On 09/09/2012 12:04 PM, David Woodhouse wrote: > On Sun, 2012-09-09 at 09:56 -0700, H. Peter Anvin wrote: >> >>> So it should either be start=0xfffffffffffff000 end=0xffffffffffffffff >>> or it should be start=0xfffffffffffff000 len=0x1000. >> >> I would strongly object to the former; that kind of inclusive ranges >> breed a whole class of bugs by themselves. > > Another alternative that avoids overflow issues is to use a PFN rather > than a byte address. > Except as a result of that logic have a bunch of places which either have rounding errors in how they calculate PFNs, or they think they can stick PFNs into 32-bit numbers. :( -hpa
On 09/09/2012 06:56 PM, H. Peter Anvin wrote: >> >> Anyway, that means that the BUG_ON() is likely bogus, but so is the >> whole calling convention. >> >> The 4kB range starting at 0xfffffffffffff000 sounds like a *valid* >> range, but that requires that we fix the calling convention to not >> have that "end" (exclusive) thing. It should either be "end" >> (inclusive), or just "len". >> > > On x86, it is definitely NOT a valid range. There is no physical addresses > there, and there will never be any. This reminds me a similar issue: If you try to mmap /dev/kmem at an offset which is not kernel owned (such as 0), you'll get all the way to __pa() before getting a BUG() about addresses not making sense. How come there's no arch-specific validation of attempts to access virtual/physical addresses? In the kmem example I'd assume that something very early on should be yelling at me about doing something like that, but for some reason I get all the way to __pa() before getting a BUG() (!). Thanks, Sasha
On 09/09/2012 04:56 PM, Suresh Siddha wrote: > On Sat, 2012-09-08 at 12:57 -0700, Linus Torvalds wrote: >> > Whatever. Something like this (TOTALLY UNTESTED) attached patch should >> > get the mtdchar overflows to go away, > It looks good to me. Acked-by: Suresh Siddha <suresh.b.siddha@intel.com> > > Sasha, can you please give this a try? Sorry for the delay. It looks good here. Thanks, Sasha
On 09/12/2012 12:50 PM, Sasha Levin wrote: > On 09/09/2012 04:56 PM, Suresh Siddha wrote: >> On Sat, 2012-09-08 at 12:57 -0700, Linus Torvalds wrote: >>>> Whatever. Something like this (TOTALLY UNTESTED) attached patch should >>>> get the mtdchar overflows to go away, >> It looks good to me. Acked-by: Suresh Siddha <suresh.b.siddha@intel.com> >> >> Sasha, can you please give this a try? > > Sorry for the delay. It looks good here. > > > Thanks, > Sasha > Uh... sorry again, I obviously tested the second patch sent by Linus but mistakingly replied to the wrong mail in the thread.

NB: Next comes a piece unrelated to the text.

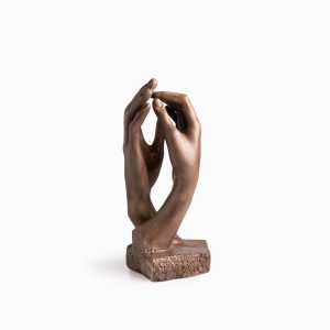 Manos decorativas entrelazadas de resina y cal en color café, objeto decorativo para sala o estudio, personaliza cada espacio con pequeños detalles que marcan la diferencia.

On 09/12/2012 12:56 PM, Sasha Levin wrote: > On 09/12/2012 12:50 PM, Sasha Levin wrote: >> On 09/09/2012 04:56 PM, Suresh Siddha wrote: >>> On Sat, 2012-09-08 at 12:57 -0700, Linus Torvalds wrote: >>>>> Whatever. Something like this (TOTALLY UNTESTED) attached patch should >>>>> get the mtdchar overflows to go away, >>> It looks good to me. Acked-by: Suresh Siddha <suresh.b.siddha@intel.com> >>> >>> Sasha, can you please give this a try? >> >> Sorry for the delay. It looks good here. >> >> >> Thanks, >> Sasha >> > > Uh... sorry again, I obviously tested the second patch sent by Linus but > mistakingly replied to the wrong mail in the thread. Is anyone planning on picking up Linus' patch? This is still not in -next even. Thanks, Sasha
On Fri, Sep 28, 2012 at 2:00 AM, Sasha Levin <levinsasha928@gmail.com> wrote: > > Is anyone planning on picking up Linus' patch? This is still not in -next even. I was really hoping it would go through the regular channels and come back to me that way, since I can't really test it, and it's bigger than the trivial obvious one-liners that I'm happy to commit. Hmm. Linus
On Fri, 2012-09-28 at 09:44 -0700, Linus Torvalds wrote: > On Fri, Sep 28, 2012 at 2:00 AM, Sasha Levin <levinsasha928@gmail.com> wrote: > > > > Is anyone planning on picking up Linus' patch? This is still not in -next even. > > I was really hoping it would go through the regular channels and come > back to me that way, since I can't really test it, and it's bigger > than the trivial obvious one-liners that I'm happy to commit. Hi Linus, I am not the maintainer, but please, go ahead an push your fix. I do not have time to test it myself and it does not look like anyone else in the small mtd community does.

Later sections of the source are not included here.